(Working data)

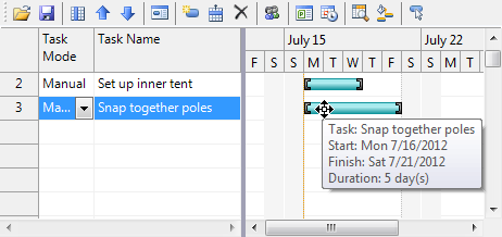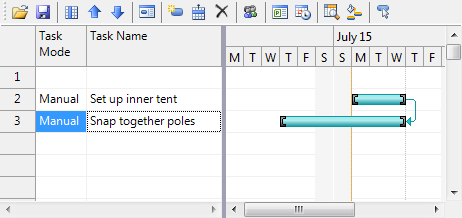 The dependent task, Snap together poles, can start at any time after the Set up inner tent task that it depends on begins. A downward arrow is drawn to illustrate the link between the two tasks.
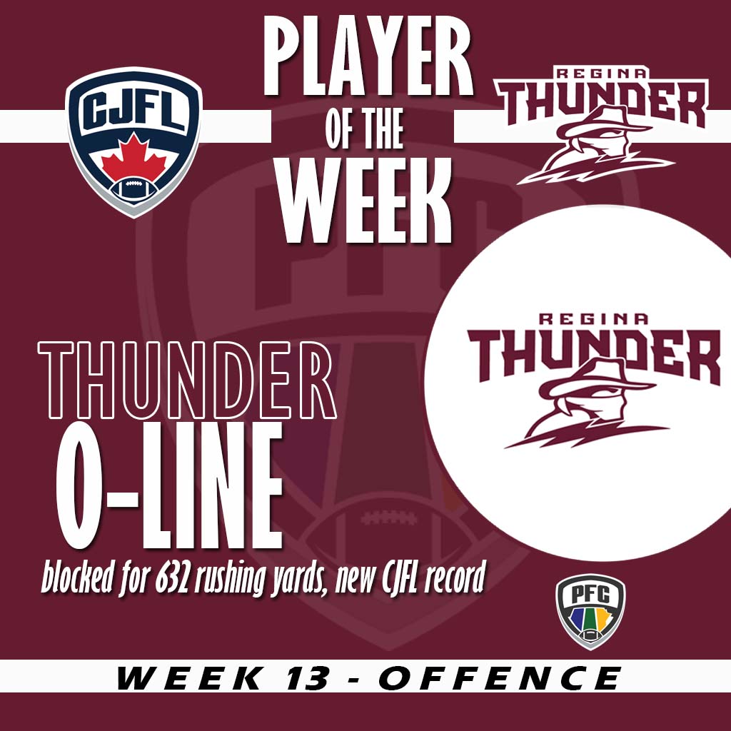 The offensive line for the Regina Thunder this past weekend etched their name into the CJFL Record Book after blocking their way to an eye-popping 632 yards of rushing on Thanksgiving Sunday. The combination of Caleb Barajas, Tristan Rapchalk, James Lucio, Nolan Finn and Ethan Kreulzer helped their running backs to a CJFL single game rushing record, smashing the old mark of 588 yards set by the Edmonton Huskies in 2002. Barajas added to the record production numbers with an 11-yard offensive lineman rushing touchdown!
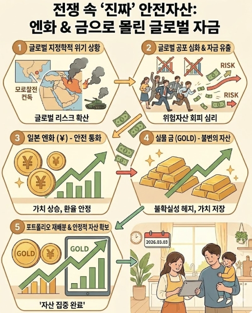 반면 전통적인 안전자산인 엔화와 금은 이름값을 톡톡히 하고 있습니다. 전쟁 공포에 엔화 환율은 급등하고 금값은 연일 신고가를 경신 중입니다. 전 세계 큰손들은 위기가 오면 결국 국가의 신용이 뒷받침되는 통화나 물리적 실체가 있는 자산으로 회귀한다는 사실을 다시 한번 각인시켰습니다.
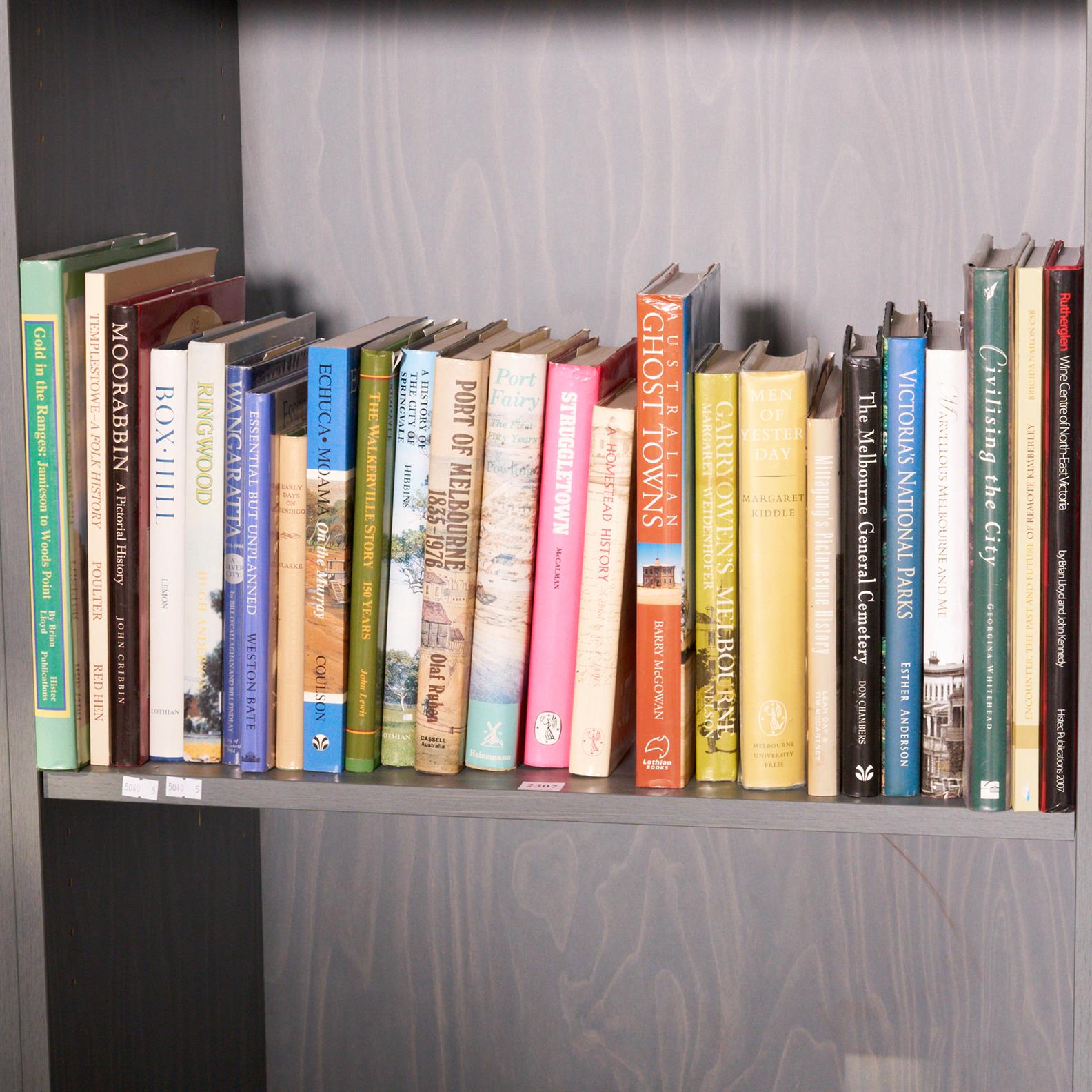 A SHELF OF LOCAL HISTORY REFERENCE BOOKS INCLUDING POWLING 'PORT FAIRY', 1ST ED, CLARKE 'EARLY DAYS ON BENDIGO', 1ST ED, PLUS HISTORIES OF BOX HILL, TEMPLESTOWE AND WALKERVILLE
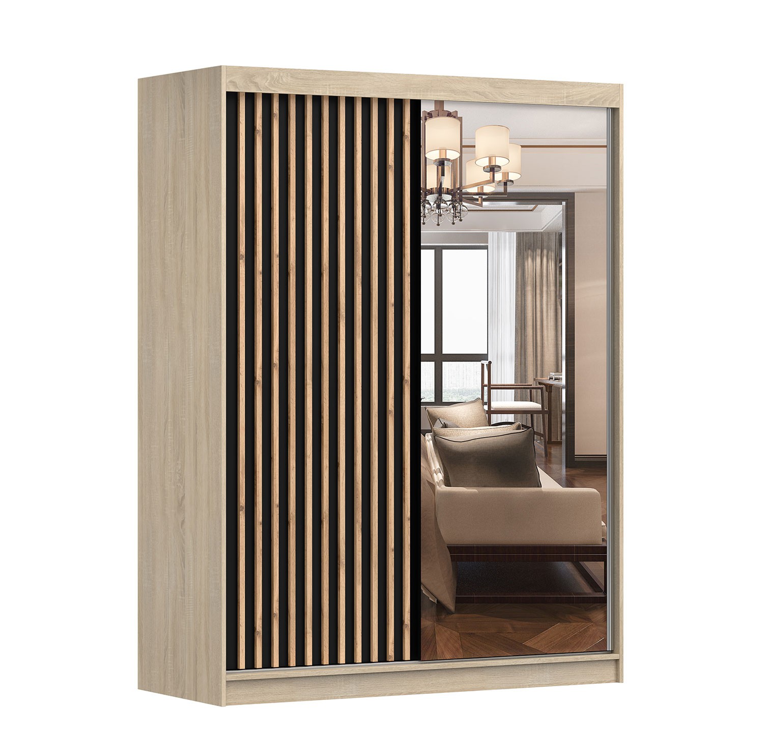 LAMBDA 150 III je moderní skříň s posuvnými dveřmi v zajímavých barevných kombinacích, která se hodí do mnoha interiérů. Systém posuvných dveří šetří místo v místnosti a zjednodušuje otevírání a zavírání. Dveře s úchytkami z hliníku se posouvají na kolečkách s kuličkovými ložisky, které zajišťují hladký a tichý pohyb. Na přední straně dveří v dekoru dubu sonoma jsou ozdobné černé lamely z MDF. Zrcadlo přes celou plochu druhých dveřích rozjasní a opticky zvětší místnost. Skříň je rozdělena na dvě části, které jsou vybaveny nejen prostornými policemi a závěsnou tyčí, ale také dostatečným prostorem pro uložení velkého množství oblečení, což z ní dělá praktickou volbu pro každou domácnost.
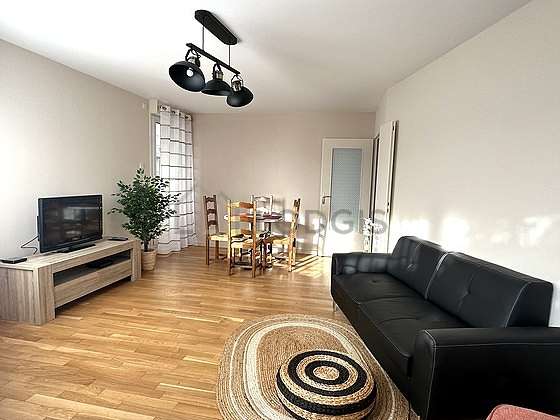 SalaõEste apartamento é composto de um salão com parqué no piso é janelas vitros duplos. Este salão mobiliado et equipado para uma agradável estância : televisaõ, sofá, 1 poltrona(s), mesa de jantar, 1 cadeira(s).
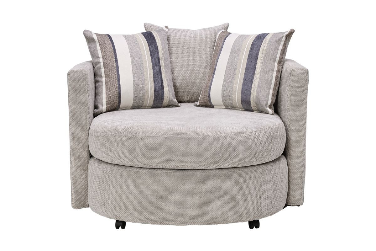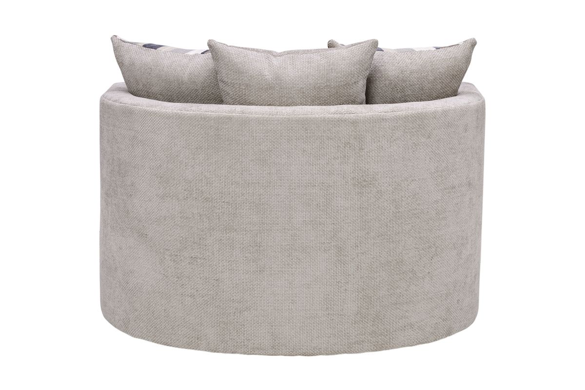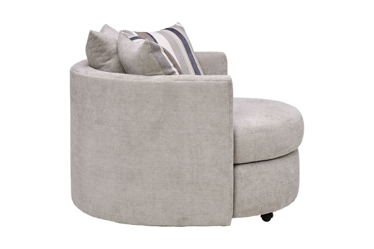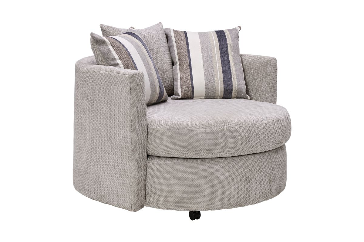 Elevate your lounging experience with the Cameron Swivel Chair — a perfect blend of comfort and style. Upholstered in soft, textured light gray fabric, this chair features a generously sized, rounded seat ideal for curling up with a book or relaxing with a cup of coffee. Its 360-degree swivel base adds functionality, allowing you to turn with ease and engage with your surroundings. Complete with three plush back cushions, including two with modern striped patterns in calming neutral tones, this chair adds a stylish accent to any living space. Whether you're designing a cozy reading nook or adding a chic focal point to your room, the Cameron Swivel Chair offers inviting comfort with contemporary charm.
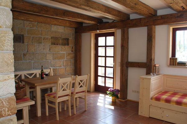 ***** Wohnung im Erdgeschoß, 2 bis 4 Personen Der besondere Charakter dieser Wohnung wird geprägt,durch die urigen Sandsteinwände, kombiniert mit uralten Holzbalken. Die Wohnküche ist für Sie in einen Koch- und Essbereich, sowie in einen gemütlichen Wohnbereich unterteilt. Küchenausstattung: Geschirrspüler,Herd mit Cerankochfeld und Backofen,Kühlschrank,Microwelle,Kaffeemaschine,Toster,Wasserkocher Am großen, massiven Holzesstisch finden Sie ausreichend Platz. Für wohlige Wärme und Gemütlichkeit sorgt eine Sitzecke mit Kamin und TV. Über die Terrassentür gelangen Sie von der Küche aus direkt zur Sandsteinterrasse. 5 ***** Wohnung im Dachgeschoß, für 2 bis 6 Personen Diese Wohnung ist für Sie mit zwei Schlafzimmern mit je einem Doppelbett, sowie mit einem dritten kleinen Schlafzimmer mit zwei Aufbettungen (Doppelstockbett) versehen. Die Betten sorgen mit ihren sorgfätig ausgewählten Matratzen und Lattenrosten und den üppigen Bettdecken für ein kuscheliges Schlafgefühl. So hoffen wir, dass auch Gäste mit Rückenproblemen bei uns einen erholsamen Schlaf finden. Große Menschen werden sich über die übergroßen Bettdecken freuen. Ein schönes, hell einladendes, großes Bad sorgt jederzeit für Ihr Wohlgefühl. Schon beim Duschen haben Sie einen Panoramablick zum Lilienstein. Eine zweite Toilette ist selbstverständlich vorhanden. Die Wohnküche ist für Sie in einen Koch- und Essbereich, sowie in einen gemütlichen Wohnbereich unterteilt. Küchenausstattung: Geschirrspüler,Herd mit Cerankochfeld und Backofen,Kühlschrank,Microwelle,Kaffeemaschine,Toster,Wasserkocher Am großen, massiven Holzesstisch finden 6 Personen ausreichend Platz. Für wohlige Wärme und Gemütlichkeit sorgt eine Sitzecke mit Kamin und TV.
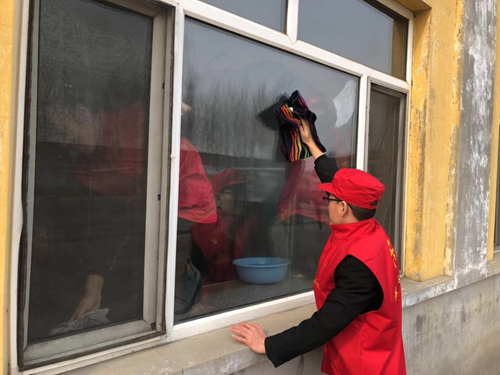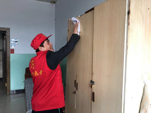 在敬老院里,志愿者们分成小组清洁敬老院卫生,大家发扬不怕苦、不怕累的精神,分工明确,有的擦窗户、有的擦柜子,忙得热火朝天。志愿者还不忘叮嘱老人要照顾好自己的身体,安享晚年生活。
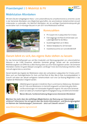 „Mobilität gewinnt gerade im ländlichen Raum zunehmend an Bedeutung. Altenbeken hat 2017 die erste Mobilstation im Hochstift eingeweiht und damit die guten Bahn- und Busanbindungen mit individuellen Angeboten ergänzt. Als naturnahe Gemeinde setzen wir dabei auf umweltverträgliche Energiegewinnung und elektrische Antriebe.“
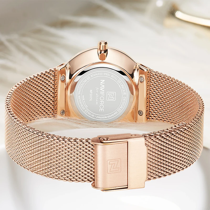 Часы наручные NAVIFORCE женские кварцевые, люксовые модные водонепроницаемые, с датой, стразы
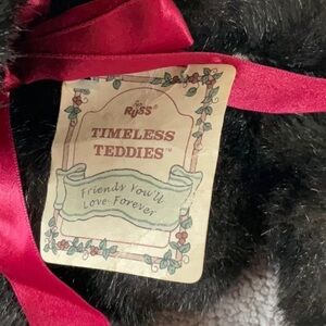 VINTAGE RUSS TIMELESS TEDDIES DARK BROWN COLLECTABLE BEAR WITH RED BOW
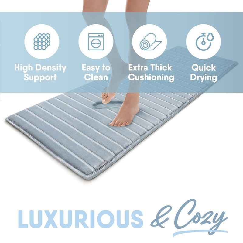 - Ultra-Soft Cushion Support - Keep your feet warm and cozy as you step out of the shower with our luxurious bath floor mat. MICRODRY SoftLux soft bath mat has extra-thick memory foam for high-density support and cushioning comfort.
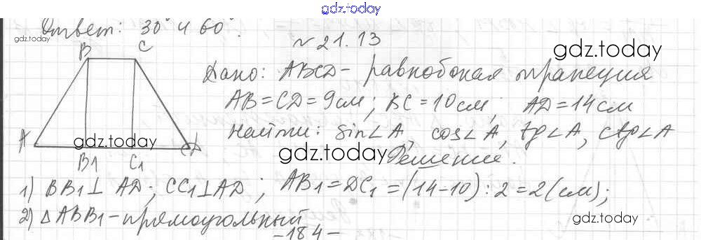 На страницах сайта gdz.today вы найдете учебный и вспомогательный материал, направленный на улучшения знаний школьной программы. ГДЗ - онлайн мир знаний § 21. Тригонометрические функции острого угла прямоугольного треугольника Решение к главе 4. Решение прямоугольных треугольников 13 Учебнику по Геометрии для 8 класса Мерзляк, Поляков Углубленный уровень Вентана-граф Алгоритм успеха 2020
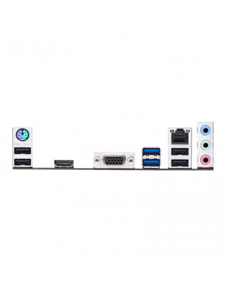 Para conetividade, a placa-mãe inclui uma porta Ethernet LAN Gigabit, fornecendo uma ligação de rede rápida e estável. No painel traseiro, a placa-mãe oferece várias portas USB, portas HDMI e VGA, proporcionando diversas opções para a ligação de periféricos e ecrãs.
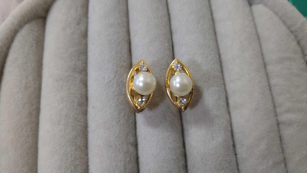 - □1粒パールビジュー×ゴールドカラー×2粒ラインストーンのイヤリング□
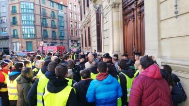 Los agricultores se han concentrado desde primera hora del jueves frente al Parlamento foral. Iniciado el debate, han cruzado desde el Paseo de Sarasate hacia la sede del Legislativo, cortando el tráfico y tratando de acceder al Parlamento, pero la Policía Foral lo ha impedido. Se han vivido momentos de tensión en los que los agentes han tenido que hacer uso de las porras. Posteriormente, la situación se ha tranquilizado, aunque el tráfico permanece cortado.
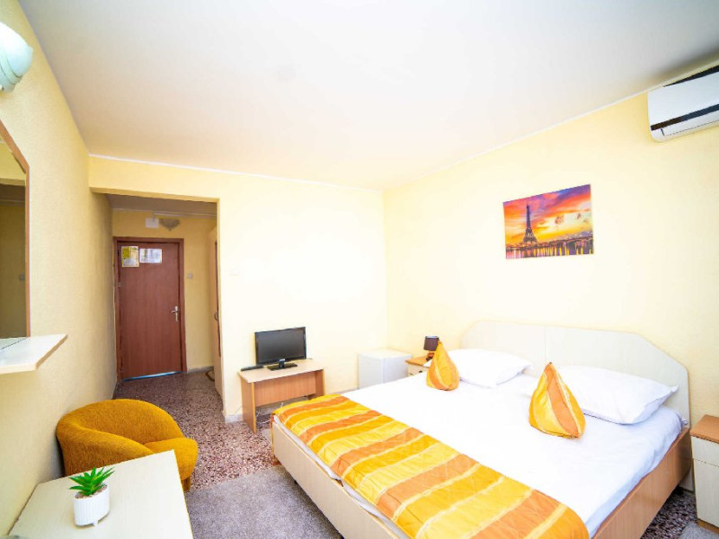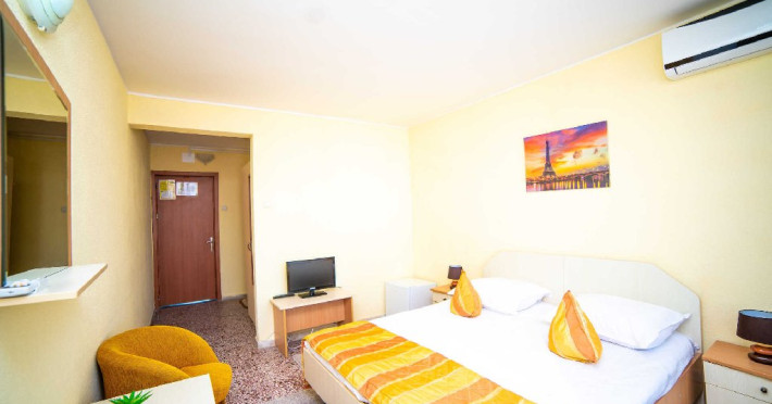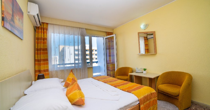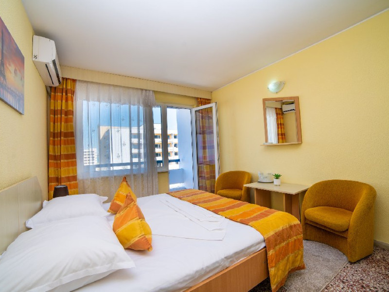 DESCRIERE CAMERE Camera Standard Este dotata cu un pat matrimonial sau doua paturi separate, aer conditionat, televizor LCD, minibar, dressing si baie privata cu dus, uscator de par si articole de toaleta. Balconul camerei duble standard ofera o priveliste laterala la mare. Camera dubla standard este un spatiu confortabil si practic pentru cei care doresc sa se bucure de facilitatile hotelului si de frumusetea statiunii Jupiter la un pret accesibil.

(End Working data)

*What the task requires*
Every line of the listing above is to be retyped exactly, but the pictures are to be dropped.

*Solution to the problem*
 The dependent task, Snap together poles, can start at any time after the Set up inner tent task that it depends on begins. A downward arrow is drawn to illustrate the link between the two tasks.
 The offensive line for the Regina Thunder this past weekend etched their name into the CJFL Record Book after blocking their way to an eye-popping 632 yards of rushing on Thanksgiving Sunday. The combination of Caleb Barajas, Tristan Rapchalk, James Lucio, Nolan Finn and Ethan Kreulzer helped their running backs to a CJFL single game rushing record, smashing the old mark of 588 yards set by the Edmonton Huskies in 2002. Barajas added to the record production numbers with an 11-yard offensive lineman rushing touchdown!
 반면 전통적인 안전자산인 엔화와 금은 이름값을 톡톡히 하고 있습니다. 전쟁 공포에 엔화 환율은 급등하고 금값은 연일 신고가를 경신 중입니다. 전 세계 큰손들은 위기가 오면 결국 국가의 신용이 뒷받침되는 통화나 물리적 실체가 있는 자산으로 회귀한다는 사실을 다시 한번 각인시켰습니다.
 A SHELF OF LOCAL HISTORY REFERENCE BOOKS INCLUDING POWLING 'PORT FAIRY', 1ST ED, CLARKE 'EARLY DAYS ON BENDIGO', 1ST ED, PLUS HISTORIES OF BOX HILL, TEMPLESTOWE AND WALKERVILLE
 LAMBDA 150 III je moderní skříň s posuvnými dveřmi v zajímavých barevných kombinacích, která se hodí do mnoha interiérů. Systém posuvných dveří šetří místo v místnosti a zjednodušuje otevírání a zavírání. Dveře s úchytkami z hliníku se posouvají na kolečkách s kuličkovými ložisky, které zajišťují hladký a tichý pohyb. Na přední straně dveří v dekoru dubu sonoma jsou ozdobné černé lamely z MDF. Zrcadlo přes celou plochu druhých dveřích rozjasní a opticky zvětší místnost. Skříň je rozdělena na dvě části, které jsou vybaveny nejen prostornými policemi a závěsnou tyčí, ale také dostatečným prostorem pro uložení velkého množství oblečení, což z ní dělá praktickou volbu pro každou domácnost.
 SalaõEste apartamento é composto de um salão com parqué no piso é janelas vitros duplos. Este salão mobiliado et equipado para uma agradável estância : televisaõ, sofá, 1 poltrona(s), mesa de jantar, 1 cadeira(s).
 Elevate your lounging experience with the Cameron Swivel Chair — a perfect blend of comfort and style. Upholstered in soft, textured light gray fabric, this chair features a generously sized, rounded seat ideal for curling up with a book or relaxing with a cup of coffee. Its 360-degree swivel base adds functionality, allowing you to turn with ease and engage with your surroundings. Complete with three plush back cushions, including two with modern striped patterns in calming neutral tones, this chair adds a stylish accent to any living space. Whether you're designing a cozy reading nook or adding a chic focal point to your room, the Cameron Swivel Chair offers inviting comfort with contemporary charm.
 ***** Wohnung im Erdgeschoß, 2 bis 4 Personen Der besondere Charakter dieser Wohnung wird geprägt,durch die urigen Sandsteinwände, kombiniert mit uralten Holzbalken. Die Wohnküche ist für Sie in einen Koch- und Essbereich, sowie in einen gemütlichen Wohnbereich unterteilt. Küchenausstattung: Geschirrspüler,Herd mit Cerankochfeld und Backofen,Kühlschrank,Microwelle,Kaffeemaschine,Toster,Wasserkocher Am großen, massiven Holzesstisch finden Sie ausreichend Platz. Für wohlige Wärme und Gemütlichkeit sorgt eine Sitzecke mit Kamin und TV. Über die Terrassentür gelangen Sie von der Küche aus direkt zur Sandsteinterrasse. 5 ***** Wohnung im Dachgeschoß, für 2 bis 6 Personen Diese Wohnung ist für Sie mit zwei Schlafzimmern mit je einem Doppelbett, sowie mit einem dritten kleinen Schlafzimmer mit zwei Aufbettungen (Doppelstockbett) versehen. Die Betten sorgen mit ihren sorgfätig ausgewählten Matratzen und Lattenrosten und den üppigen Bettdecken für ein kuscheliges Schlafgefühl. So hoffen wir, dass auch Gäste mit Rückenproblemen bei uns einen erholsamen Schlaf finden. Große Menschen werden sich über die übergroßen Bettdecken freuen. Ein schönes, hell einladendes, großes Bad sorgt jederzeit für Ihr Wohlgefühl. Schon beim Duschen haben Sie einen Panoramablick zum Lilienstein. Eine zweite Toilette ist selbstverständlich vorhanden. Die Wohnküche ist für Sie in einen Koch- und Essbereich, sowie in einen gemütlichen Wohnbereich unterteilt. Küchenausstattung: Geschirrspüler,Herd mit Cerankochfeld und Backofen,Kühlschrank,Microwelle,Kaffeemaschine,Toster,Wasserkocher Am großen, massiven Holzesstisch finden 6 Personen ausreichend Platz. Für wohlige Wärme und Gemütlichkeit sorgt eine Sitzecke mit Kamin und TV.
 在敬老院里,志愿者们分成小组清洁敬老院卫生,大家发扬不怕苦、不怕累的精神,分工明确,有的擦窗户、有的擦柜子,忙得热火朝天。志愿者还不忘叮嘱老人要照顾好自己的身体,安享晚年生活。
 „Mobilität gewinnt gerade im ländlichen Raum zunehmend an Bedeutung. Altenbeken hat 2017 die erste Mobilstation im Hochstift eingeweiht und damit die guten Bahn- und Busanbindungen mit individuellen Angeboten ergänzt. Als naturnahe Gemeinde setzen wir dabei auf umweltverträgliche Energiegewinnung und elektrische Antriebe.“
 Часы наручные NAVIFORCE женские кварцевые, люксовые модные водонепроницаемые, с датой, стразы
 VINTAGE RUSS TIMELESS TEDDIES DARK BROWN COLLECTABLE BEAR WITH RED BOW
 - Ultra-Soft Cushion Support - Keep your feet warm and cozy as you step out of the shower with our luxurious bath floor mat. MICRODRY SoftLux soft bath mat has extra-thick memory foam for high-density support and cushioning comfort.
 На страницах сайта gdz.today вы найдете учебный и вспомогательный материал, направленный на улучшения знаний школьной программы. ГДЗ - онлайн мир знаний § 21. Тригонометрические функции острого угла прямоугольного треугольника Решение к главе 4. Решение прямоугольных треугольников 13 Учебнику по Геометрии для 8 класса Мерзляк, Поляков Углубленный уровень Вентана-граф Алгоритм успеха 2020
 Para conetividade, a placa-mãe inclui uma porta Ethernet LAN Gigabit, fornecendo uma ligação de rede rápida e estável. No painel traseiro, a placa-mãe oferece várias portas USB, portas HDMI e VGA, proporcionando diversas opções para a ligação de periféricos e ecrãs.
 - □1粒パールビジュー×ゴールドカラー×2粒ラインストーンのイヤリング□
 Los agricultores se han concentrado desde primera hora del jueves frente al Parlamento foral. Iniciado el debate, han cruzado desde el Paseo de Sarasate hacia la sede del Legislativo, cortando el tráfico y tratando de acceder al Parlamento, pero la Policía Foral lo ha impedido. Se han vivido momentos de tensión en los que los agentes han tenido que hacer uso de las porras. Posteriormente, la situación se ha tranquilizado, aunque el tráfico permanece cortado.
 DESCRIERE CAMERE Camera Standard Este dotata cu un pat matrimonial sau doua paturi separate, aer conditionat, televizor LCD, minibar, dressing si baie privata cu dus, uscator de par si articole de toaleta. Balconul camerei duble standard ofera o priveliste laterala la mare. Camera dubla standard este un spatiu confortabil si practic pentru cei care doresc sa se bucure de facilitatile hotelului si de frumusetea statiunii Jupiter la un pret accesibil.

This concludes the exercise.